Metropolitan News-Enterprise


Friday, December 22, 2006


Page 1


S.C.: Tribe Not Immune From Suit Over Campaign Contributions


By TINA BAY, Staff Writer


A federally recognized Native American tribe is not immune from suit by the California’s Fair Political Practices Commission for allegedly violating campaign contribution reporting requirements, the state Supreme Court held yesterday.

In a 4-3 decision, the justices affirmed a 2004 ruling by the Third District Court of Appeal allowing the FPPC to sue the Agua Caliente Band of Cahuilla Indians over its alleged failure to comply with provisions of the Political Reform Act. 

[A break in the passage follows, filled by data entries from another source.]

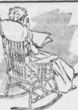
This hardwood rocker Cobbler seat $1.75.

isn't always the man who saves money. There are two ways of saving your money: one is by putting it in a bank—after you get it; the other is to buy where you get the greatest values for it. In dealing with us you will save money by the second method, and so by the first method, too.
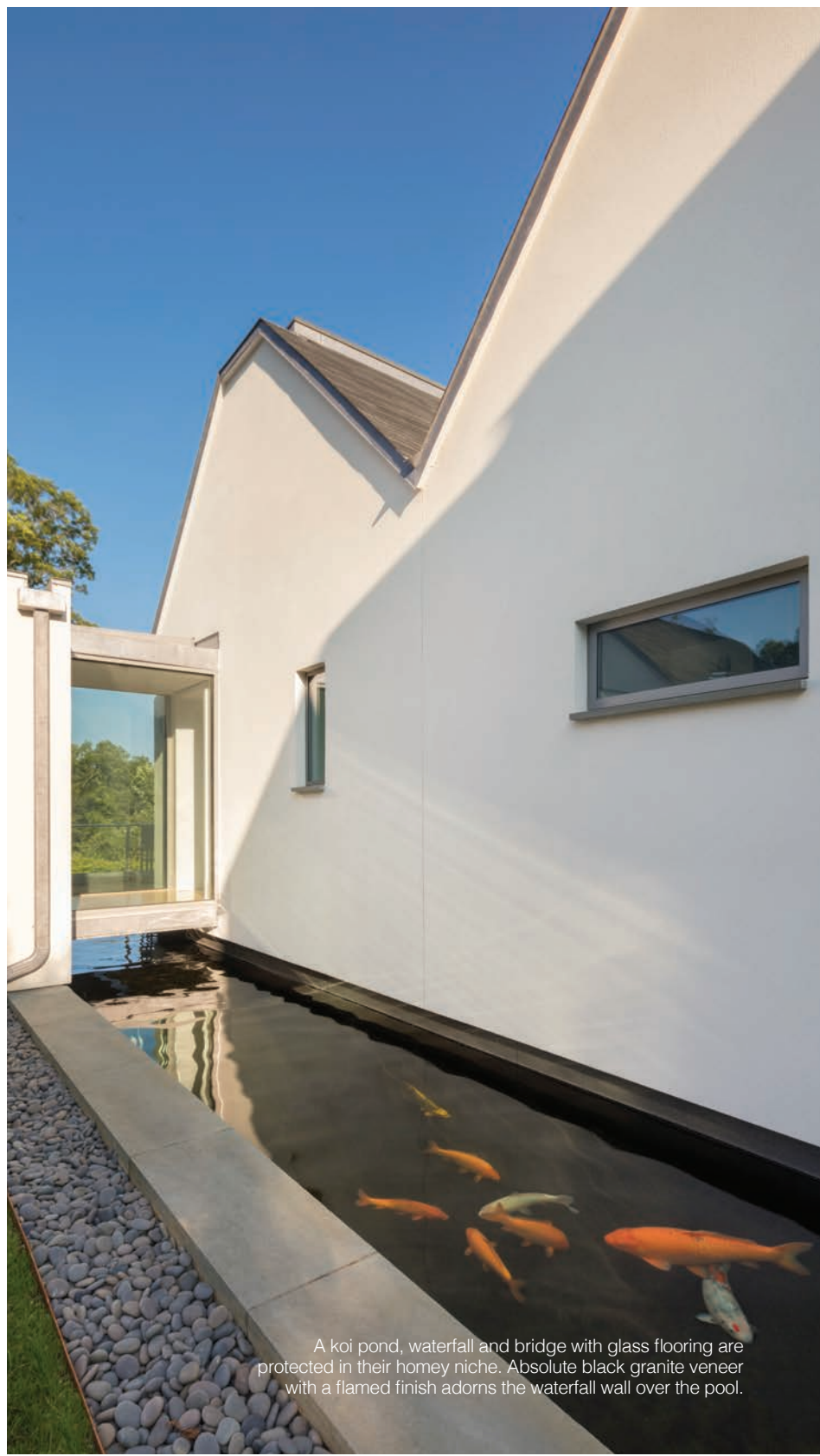
A koi pond, waterfall and bridge with glass flooring are protected in their homey niche. Absolute black granite veneer with a flamed finish adorns the waterfall wall over the pool.

warmer days. Offering spectacular views and specialty audiovisual equipment, this room is a much sought-after hangout for relaxing and entertaining. A wood-burning appliance floats in midair, offering coziness to anyone who wants to stoke a fire. Peter emphasizes that the outdoor space is second to none,
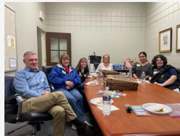
Stivers Pizza Party
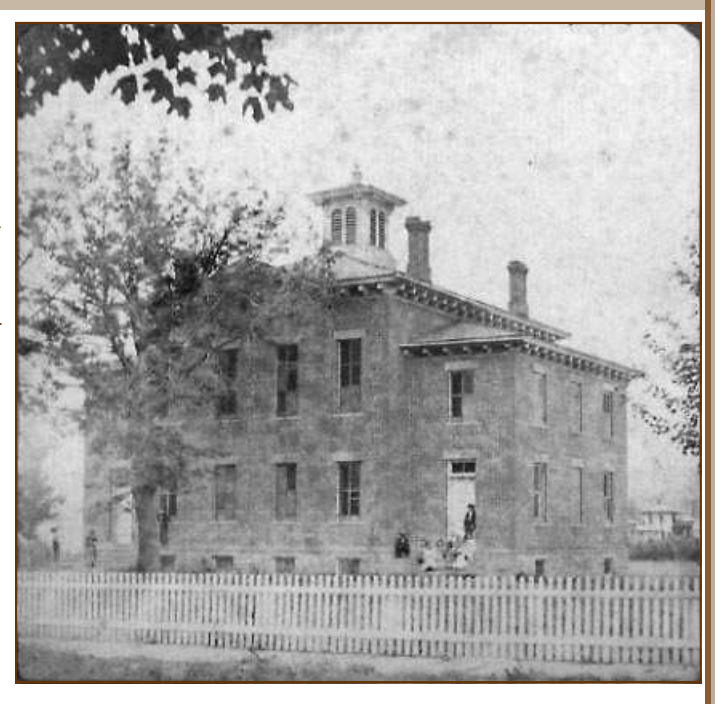
The Nunda Third Academy built in 1867 on the current KCS school grounds.
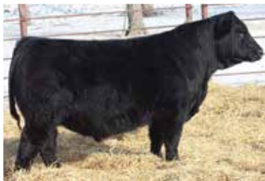
W/C REST EASY 752G Sire of Lots 11-20
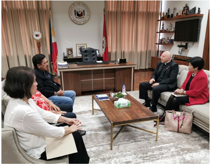
Meeting with Vicente Sotto, Senate President of the Philippines.
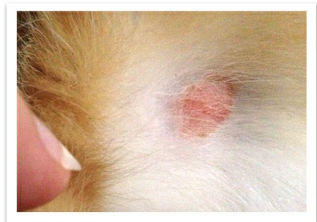
A foreign lesion.

a look. He thought it was an Eosinophilic plaque [1]-possibly brought on by the vaccine OR it was "RW."
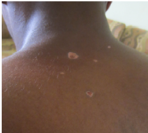
Tabu young man shows Amnesty International marks left by cigarettes burned on the back of his neck in detention. May 2012
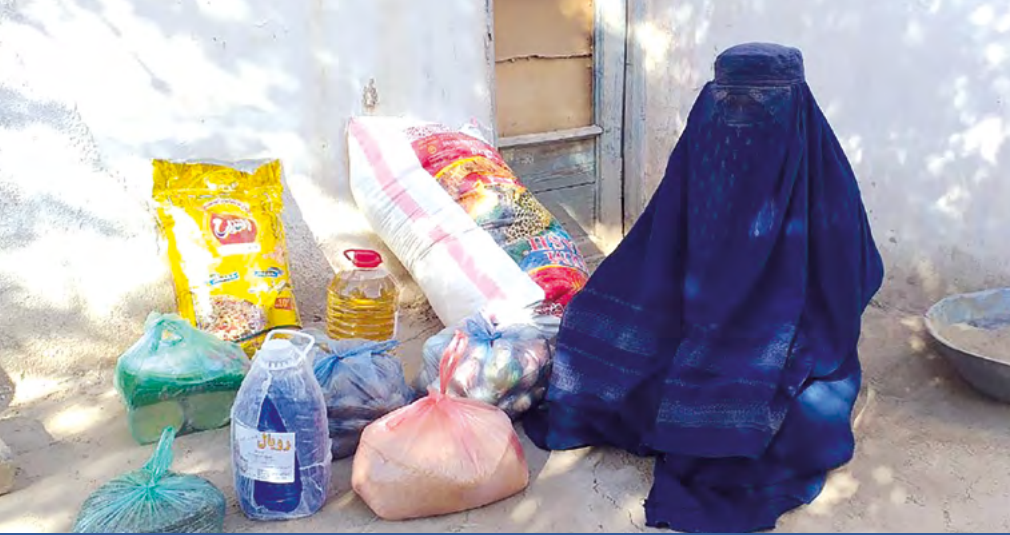
Great gratitude, although it is not visible
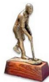
Fig. 13.4: Dhyan Chand award

Writing for the majority, Justice Ming W. Chin said:

“Tribal members, as citizens of the United States, are allowed to participate in state elections. Allowing the Tribe immunity from suit in this context would allow tribal members to participate in elections and make campaign contributions (using the tribal organization) unfettered by regulations designed to ensure the system’s integrity. Allowing tribal members to participate in our state electoral process while leaving the state powerless to effectively guard against political corruption puts the state in an untenable and indefensible position without recourse.”

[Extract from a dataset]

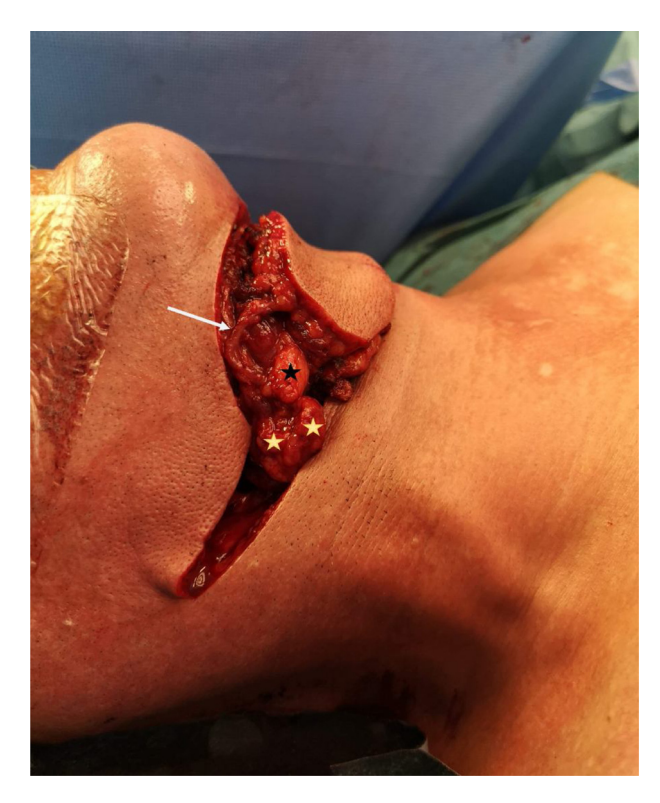
Fig. 2. Appearance of the flap after dissection. Asterisks: lymph nodes larger than 1 cm in areas Ib (black asterisk) and IIa (yellow asterisk). White arrow: submental pedicle.

The incision extends as far as the platysma, starting in the lateral part of the skin paddle (Fig. 2). Careful dissection flush with the deep surface of the platysma muscle must be performed from above downwards in order to widely expose the submandibular region.
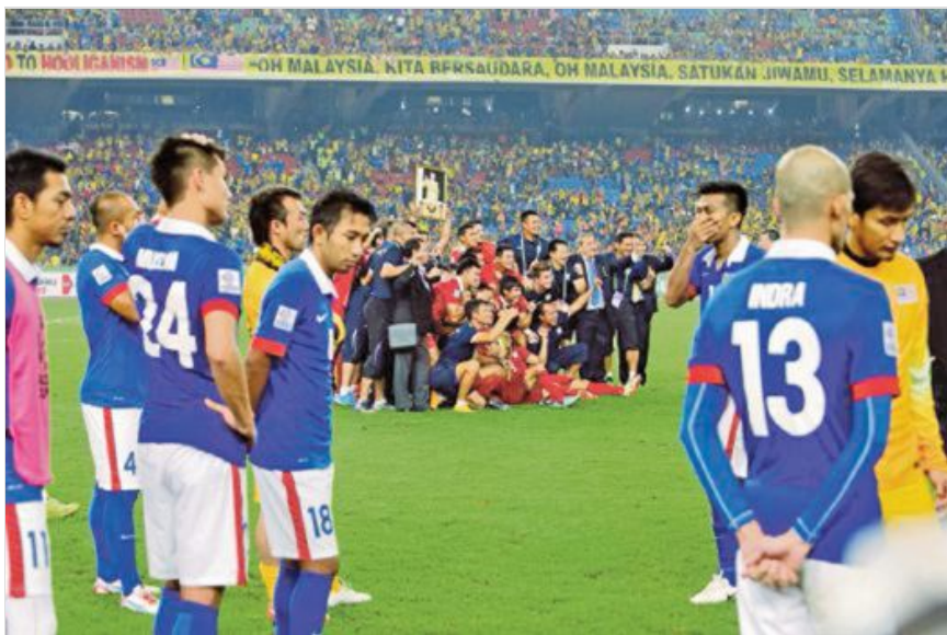
The Thai national team celebrating after the AFF Suzuki Cup finals last year while Harimau Malaysia players (foreground) look on. We need to equip players with the spirit and will to fight.

After being sued in Sacramento Superior Court by the FPPC in 2002, the tribe had moved to quash service of summons for lack of persona jurisdiction, arguing its status as a federally-recognized Indian tribe entitled it to sovereign immunity. 

Alleged Reporting Violations

FPPC’s complaint claimed the tribe made political campaign contributions of more than $7.5 million in 1998, $175,250 in the first half of 2001, and $426,000 in the first half of 2002, but failed to disclose lobbying interests and late contributions.  Among the allegedly unreported contributions was a March 2002 donation to a committee supporting failed Proposition 51—which, had it passed, would have authorized funding for several projects including a passenger rail line from Los Angeles to Palm Springs where the tribe operates a casino.

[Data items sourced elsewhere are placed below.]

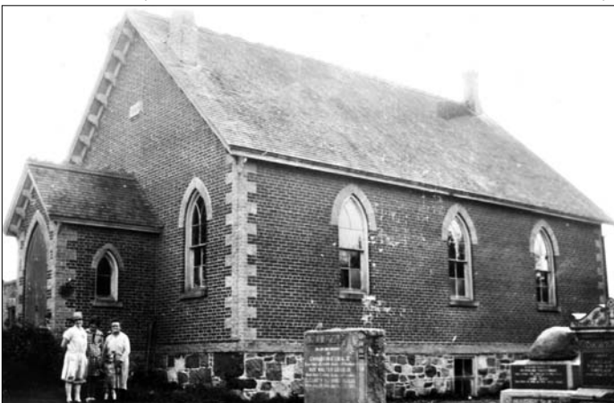
Hagerman Hill Methodist Church
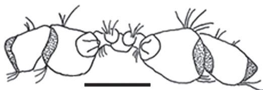
Fig. 6. Discorsopagurus tubicola Komai, 2003 (male, sl 4.64 mm). Eighth sternite, sexual tubes and coxae and ischia of fifth pereopods, ventral. sl, shield length. Scale bar=2.0 mm.

slightly convex; lateral and mesial margins with irregular row of small spines and tufts of stiff setae; dorsomesial margin with row of strong spines; dorsolateral margin with row of small spines; lateral and mesial margins and ventral surface with scattered tufts of setae. Carpus as long as merus, wide distally; dorsomesial margin not distinctly delimited, with 2 strong distal spines; dorsal surface with tufts of setae; lateral margin with row of spines. Dorsal surface of merus with tufts of long setae; ventral surface nearly flat, with a few tufts of long setae.
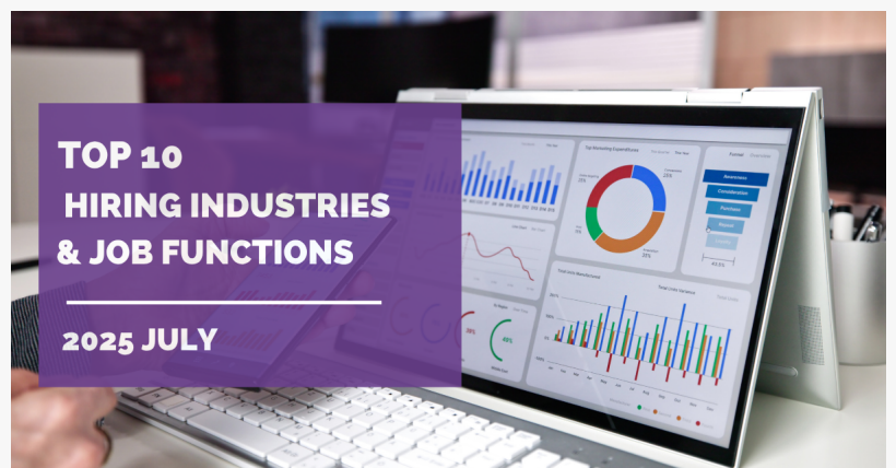
JobNet.com.mm July hiring insights - COVER

The list below highlights the top 10 job functions with the most job postings on JobNet.com.mm for July 2025. Whether you're seeking to expand your team, streamline your workforce, or stay ahead in the talent acquisition game, these insights will help you make informed decisions
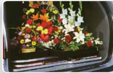
Two aluminum floral trays are accessible when the hinged casket floor is folded over.

The complaint sought both an injunction ordering the tribe to file the required disclosure statements and as monetary penalties.

Denying the tribe’s motion to quash, Sacramento Superior Court Judge Loren E. McMaster ruled that the tribe’s sovereign immunity claim was outweighed by the state’s rights under the U.S. Constitution to preserve a republican form of government and regulate its electoral and legislative processes.  Therefore, he held, the FPPC had enforcement jurisdiction over the tribe. 

Agreeing, the Third District Court of Appeal said the state’s right to a republican form of government under Article IV, Sec. 4 of the U.S. Constitution, and its reserved powers under the Tenth Amendment, necessarily included the right to sue in order to protect against corruption of the political process. 

Chin, joined by Chief Justices George and Justices Marvin R. Baxter and Carl A. Corrigan, agreed.

‘Constitutional Prerogatives’

While the U.S. Supreme Court has consistently affirmed the sovereign immunity doctrine, Chin explained, the court has grown increasingly critical of its continued application given that Indian tribes have developed into “viable economic and political nations.”

The justice wrote. 

“The Tribe correctly notes that the high court has not applied the Tenth Amendment or the guarantee clause to uphold a state’s enforcement of a state election provision against a sovereign tribe But neither has the court held that the federal common law doctrine of tribal sovereign immunity trumps state authority when a state acts in political ‘matters resting firmly within [its] constitutional prerogatives.’”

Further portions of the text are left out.